§ **Task description**
Using the data that follows, give again word for word the lines between the one holding "Modern Kilim flat" and the one holding "Не лише про", inclusive. Omit the pictures.

§ **Data excerpts**
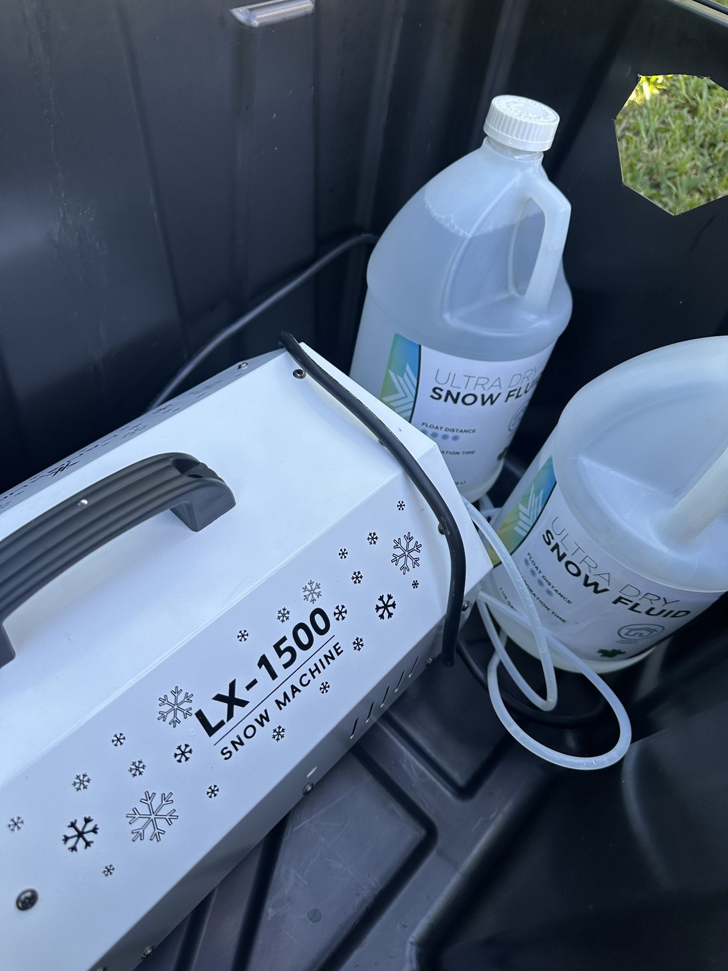 Langxun snow machine 1500. Used it for one party. Works amazing with remote controller and two gallons of liquid
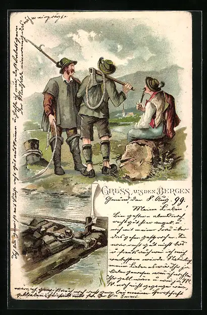 Lithographie Holzfäller im Gespräch, Floss
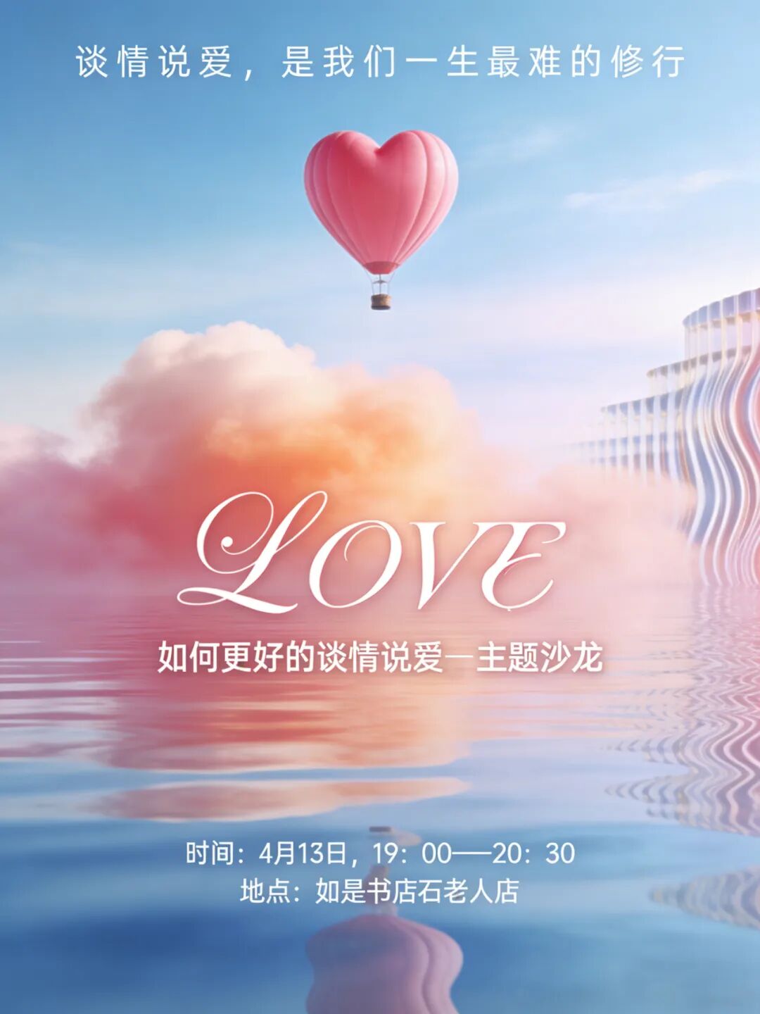 4月13日(周一)晚19:00-20:30,将在如是书店石老人店举办的一场特别沙龙——《如何更好的谈情说爱》
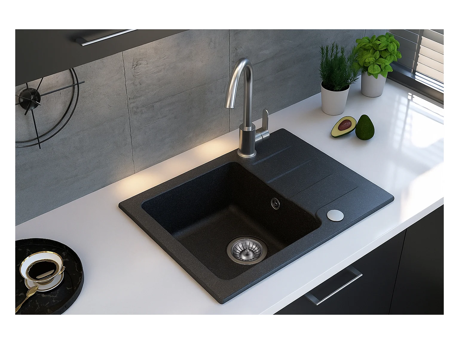 ÉVIER EN GRANIT ÉGOUTTOIR NOIR + SIPHON DOUCHETTE CHROMÉE
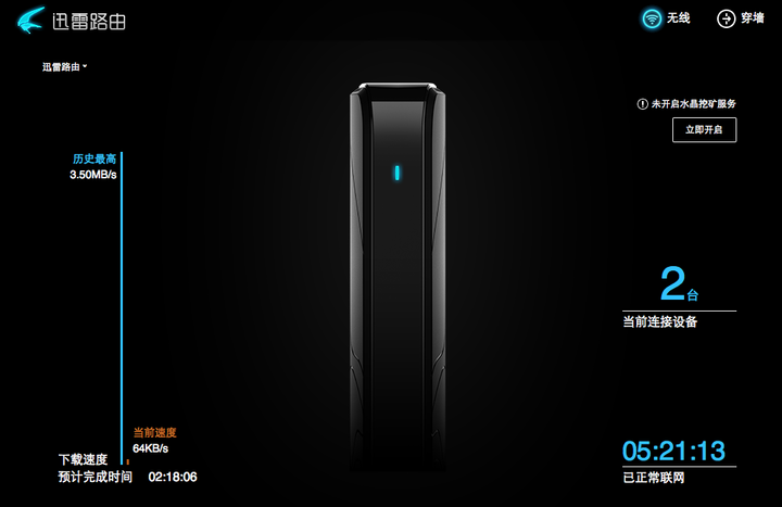 它没有强调路由器在智能家居的“中心”地位,而是加强路由器的远程下载能力,以“云”为中心,提出“水晶挖矿”的新玩法。就让我们来体验一下这款特别的迅雷路由。
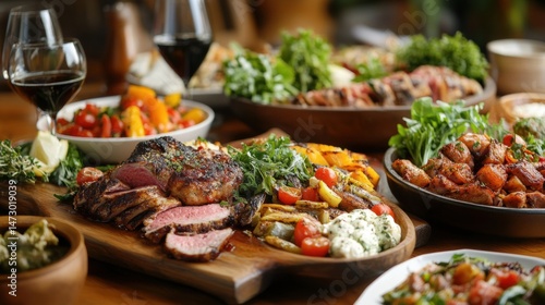 Sliced Roasted Beef Served with Grilled Vegetables and Salad Displayed on a Wooden Table
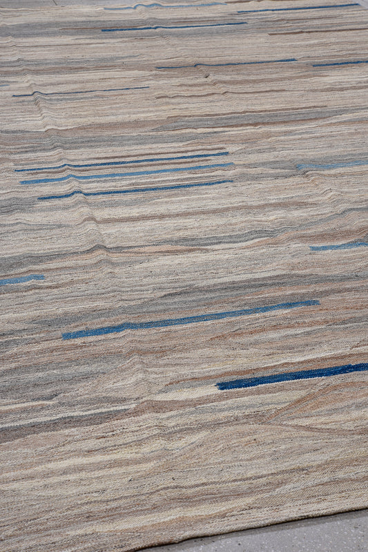 Modern Kilim flat weave | 11 x 14 | Area Rug | tribal design | brown, beige, grey, blue, sky blue | hand woven (5039)
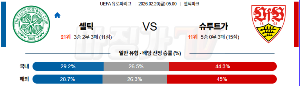 2026-02-20 UEFA 유로파리그 셀틱 FC VfB 슈투트가르트 해외축구분석 무료중계 스포츠분석
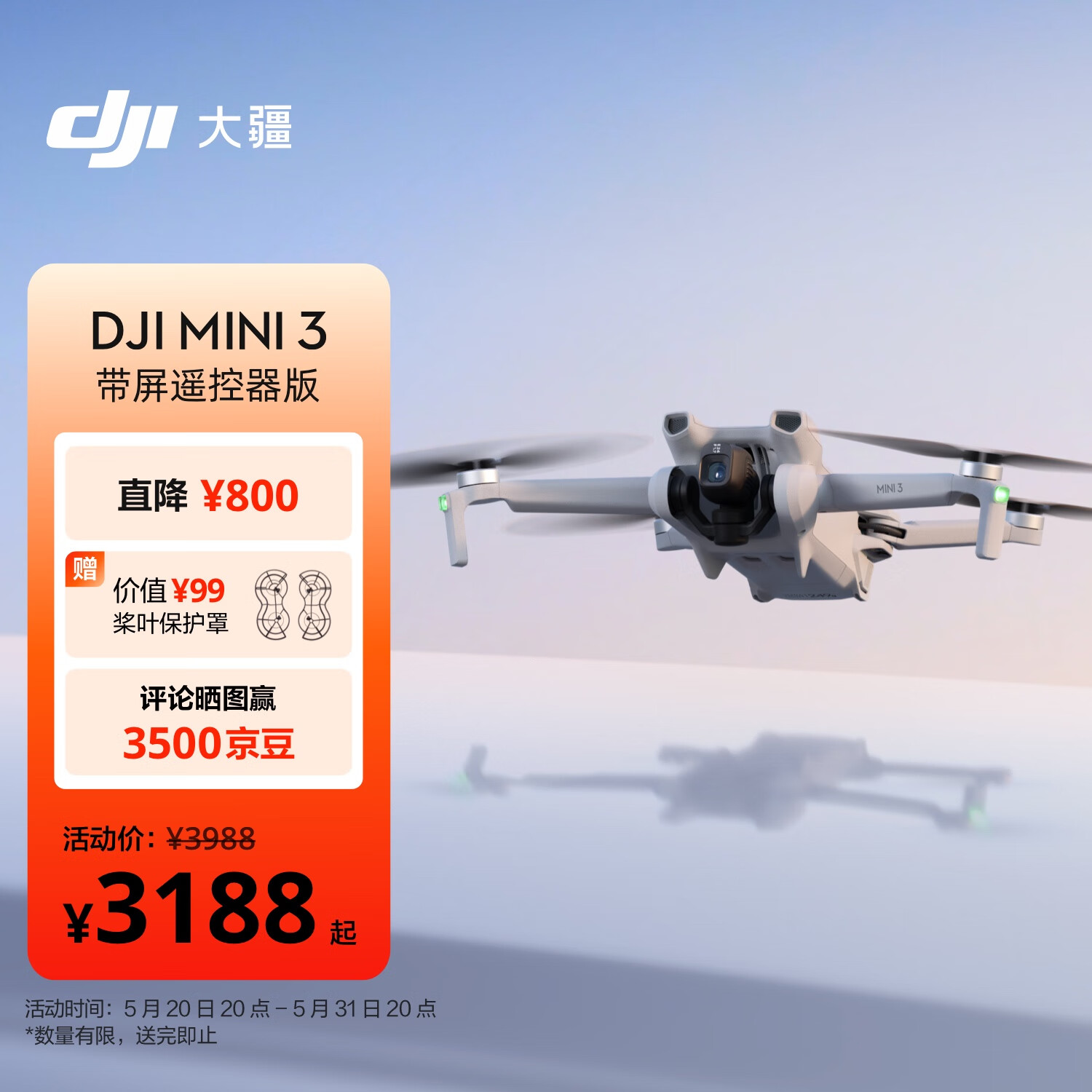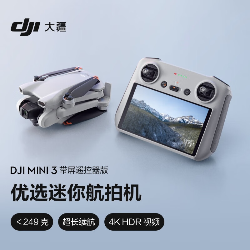 大疆 DJI Mini 3 带屏遥控器版 优选迷你航拍机 智能高清拍摄无人机 小型遥控飞机+随心换2年版实体卡价格:3716.00元!
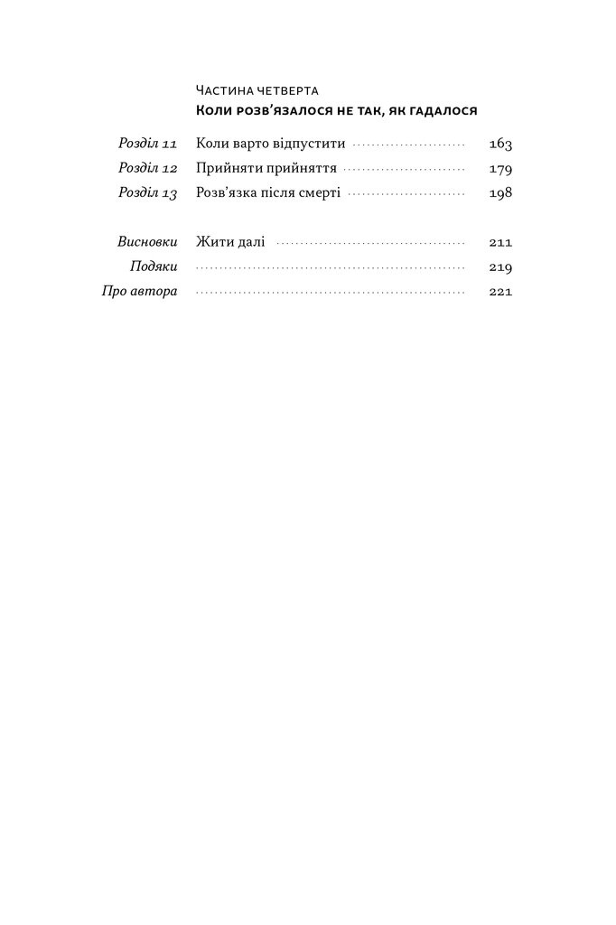 Не лише про стосунки. Автор розглядає завершення у всіх сферах життя: кар’єрі, дружбі, родині, здоров’ї.
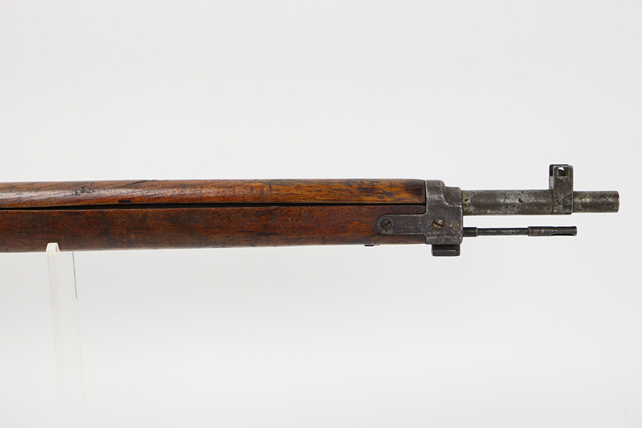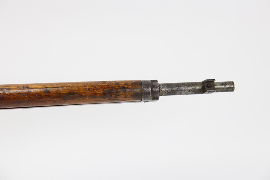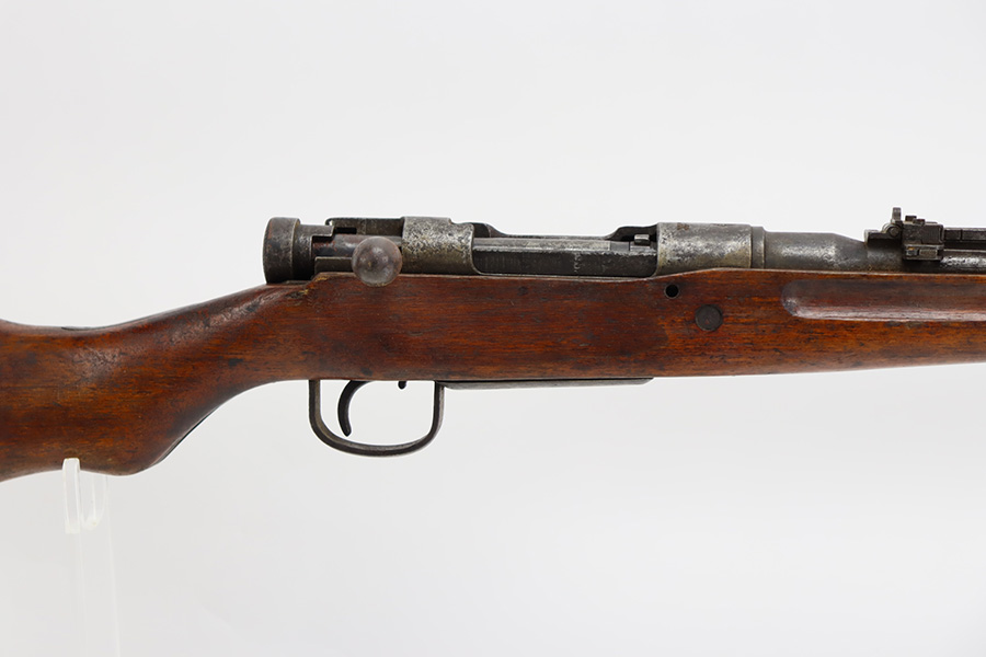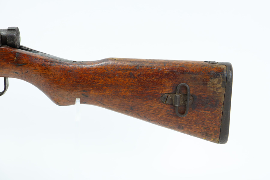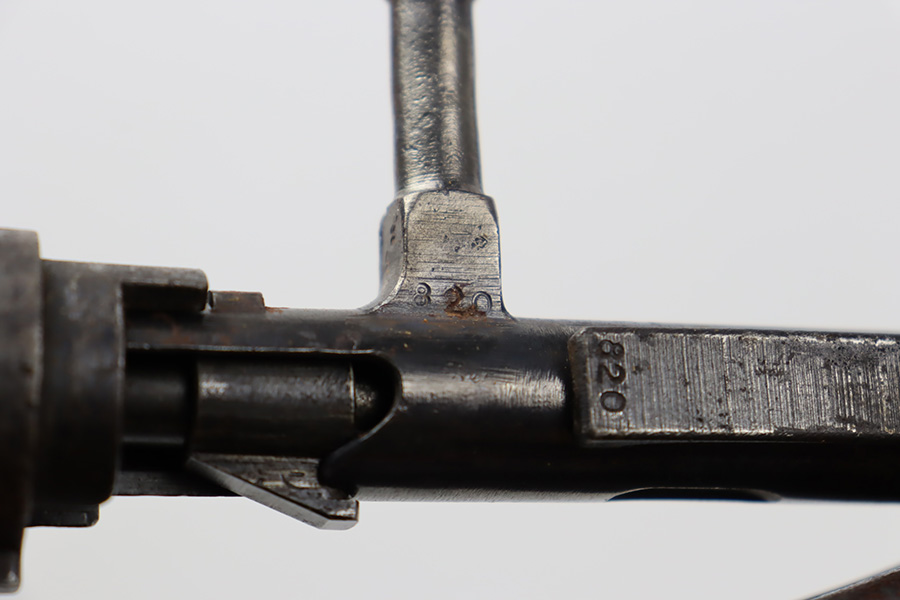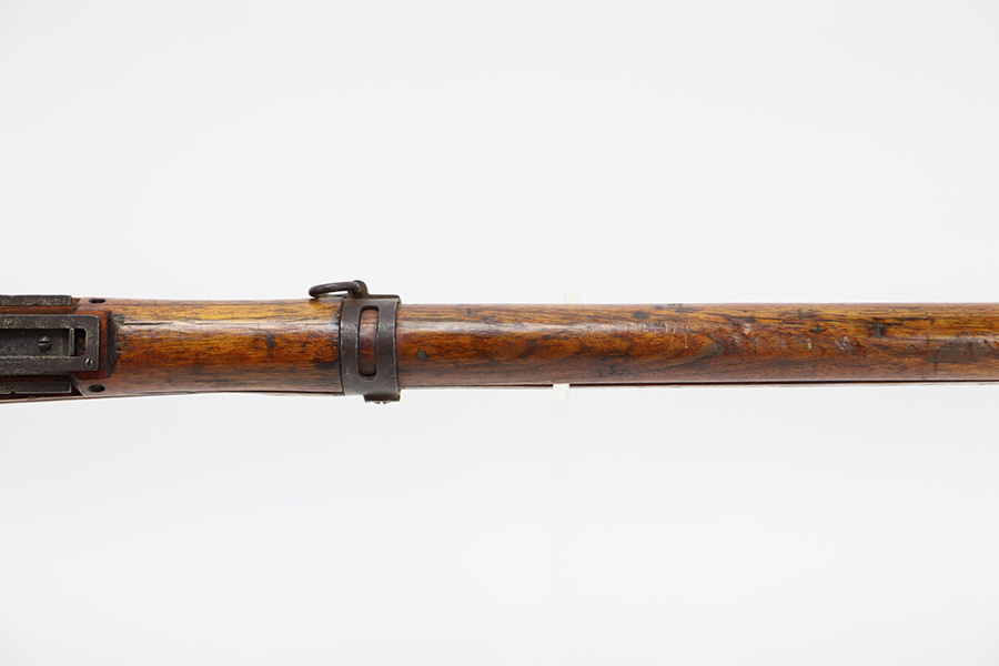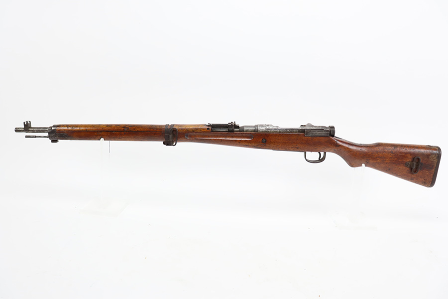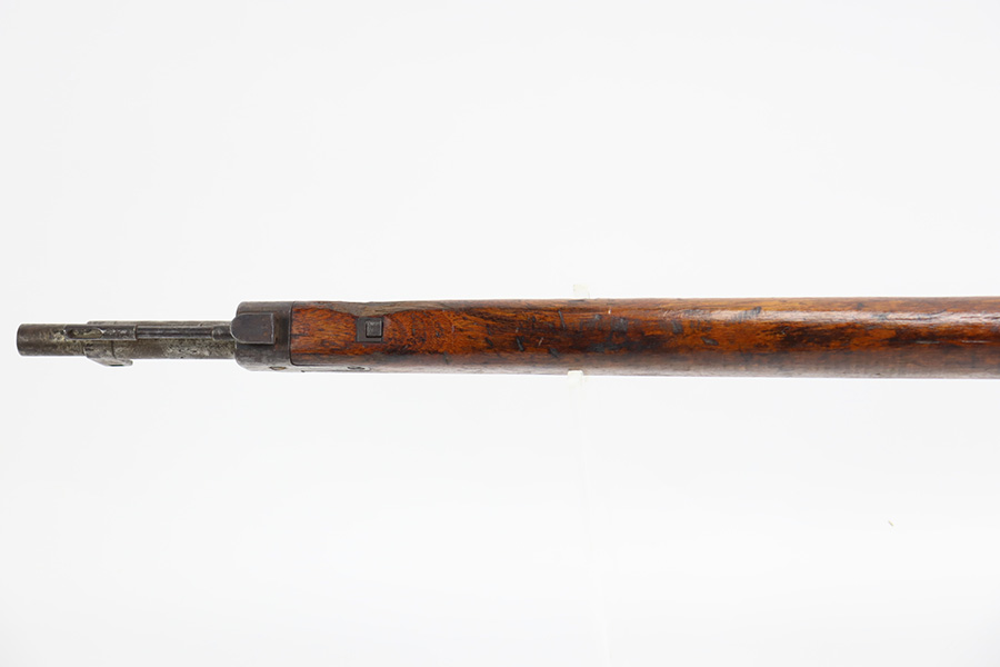 9/25/2023 – This is a great bringback example matching Type 99 used by Imperial Japan during WW2. Rifle is chambered in 7.7×58 and was a successor to the Type 38 rifle. The metal on the rifle is in fair condition with finish loss throughout after surviving the jungle conditions of Southeast Asia. The receiver is marked with the Royal Chrysanthemum and ” 9 9 Type” In Japanese with the “4th” series marking, serial number, and Nagoya Arsenal stamp. The rifle is matching throughout. The serial number “820” is stamped on the bayonet lug, receiver, bolt body, extractor, safety knob, and firing pin. The stock of the rifle is in excellent condition with dings and handling marks throughout. There are small pinpricks of corrosion throughout the metal of the rifle but none of it is deep. The chrome line bore is bright and in excellent condition with sharp rifling but slightly frosted. Rifle comes in a bringback box that was shipped to a GI’s family during the war.

§ **Your solution**
 Modern Kilim flat weave | 11 x 14 | Area Rug | tribal design | brown, beige, grey, blue, sky blue | hand woven (5039)
 2026-02-20 UEFA 유로파리그 셀틱 FC VfB 슈투트가르트 해외축구분석 무료중계 스포츠분석
 大疆 DJI Mini 3 带屏遥控器版 优选迷你航拍机 智能高清拍摄无人机 小型遥控飞机+随心换2年版实体卡价格:3716.00元!
 Не лише про стосунки. Автор розглядає завершення у всіх сферах життя: кар’єрі, дружбі, родині, здоров’ї.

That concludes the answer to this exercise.